Soles has a long career in Canadian television on shows such as Take 30, Flashback and other CBC radio and TV productions. He says he grew up with CBC Radio drama, which he called Canada’s theatre. Soles went on to play the law breaker on CBC TV’s This is the Law and continues to act, appearing in everything from Less Than Kind to Rookie Blue. In between, he even worked several seasons on stage at the Stafford Festival.

“My idols were all these great CBC radio actors,” he says, singling out John Drainie as “a Titanic figure in radio.”

New York-based producers Arthur Rankin, Jr., and Jules Bass had heard about this fine pool of English-speaking radio actors in Toronto. “My cousin Bunny Cowan was an announcer at CBC, the announcer on Front Pager Challenge,” says Soles. “He was quite a figure in the city and put together this pool of actors for Bass and Rankin, and I was lucky beyond my worth to be included in that group.”

The actors formed a company of players Soles says were as highly regarded as Orson Welles’ Mercury Theatre radio players of the ’30s. “In fact, Orson Welles knew about us,” says Soles.
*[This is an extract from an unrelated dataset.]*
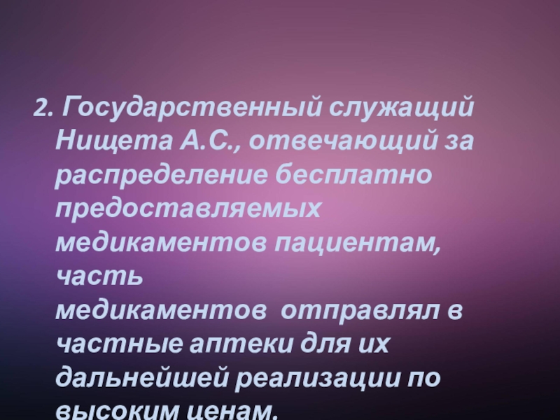 Слайд 332. Государственный служащий Нищета А.С., отвечающий за распределение бесплатно предоставляемых медикаментов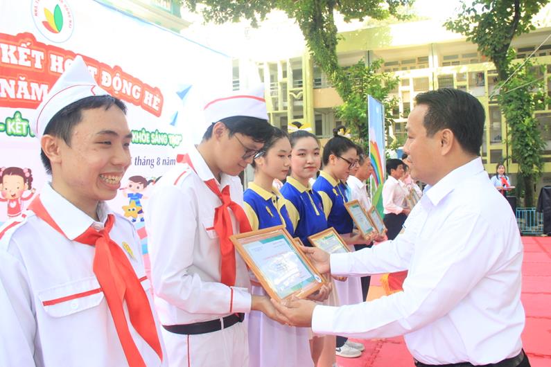 Ông Trương Hải Thi, Giám đốc Nhà thiếu nhi Đồng Nai trao giấy chứng nhận cho các tập thể, cá nhân đạt thành tích xuất sắc trong hoạt động hè

The voice cast for Rudolph at RCA Victor Studios in Toronto in 1964 (l-r): Bernard Cowan (recording supervisor and miscellaneous voices), Arthur Rankin, Jr. (producer), Paul Kligman (Donner), Paul Soles (Hermey), Corinne Conley (Mrs. Claus), Alfie Scopp (Charlie-in-the-box), Larry D. Mann (Yukon Cornelius), Billie Mae Richards (Rudolph)

He singles out Billie Mae Richards, who passed away in 2010. Richards did the voice of Rudolph. “She was a veteran of Navy shows during World War Two,” says Soles. “She stood, as we used to say, well over four feet tall. She played arguably the best little boy voice in the world.”

Soles did the voice of Hermey, the elf who really wanted to be a dentist. The voice actors were shown storyboards to help them conjure up voices for the cast of characters. The stop-motion puppet animation took place later in Japan.

Soles looked at the drawing of the little elf with the blond kiss curl and blue eyes. “I was anticipating the arrival at that time of my only child,” says Soles. You infer what a little elf would be like. It wasn’t hard to get that innocence, the shortness – I was never too tall for my age. All of that came out in the Hermey voice.

Paul Soles voiced the role of Hermey the elf on Rudolph the Red-nosed Reindeer

Soles modestly insists he was “never as clever as Marty Short who has created original characters of their own,” suggesting all the inspiration he neede for Rudolph was right in the script. “All the SCTV people were maybe as good as anybody, ever.”

Still, 57 years later, Soles work on Rudolph is still charming new audiences in network TV broadcasts. He went on to perform dozens of other voices, most notably for the Spider-man cartoon series on Saturday morning television in the late-’60s.

“Stan Lee came under a lot of fire,” recalls Soles. “What–a superhero who’s a teenager and can’t get it on with girls? Has zits? Are you kidding??”

Rudolph the Red-nosed Reindeer will also air Monday, Dec. 2 on CBC.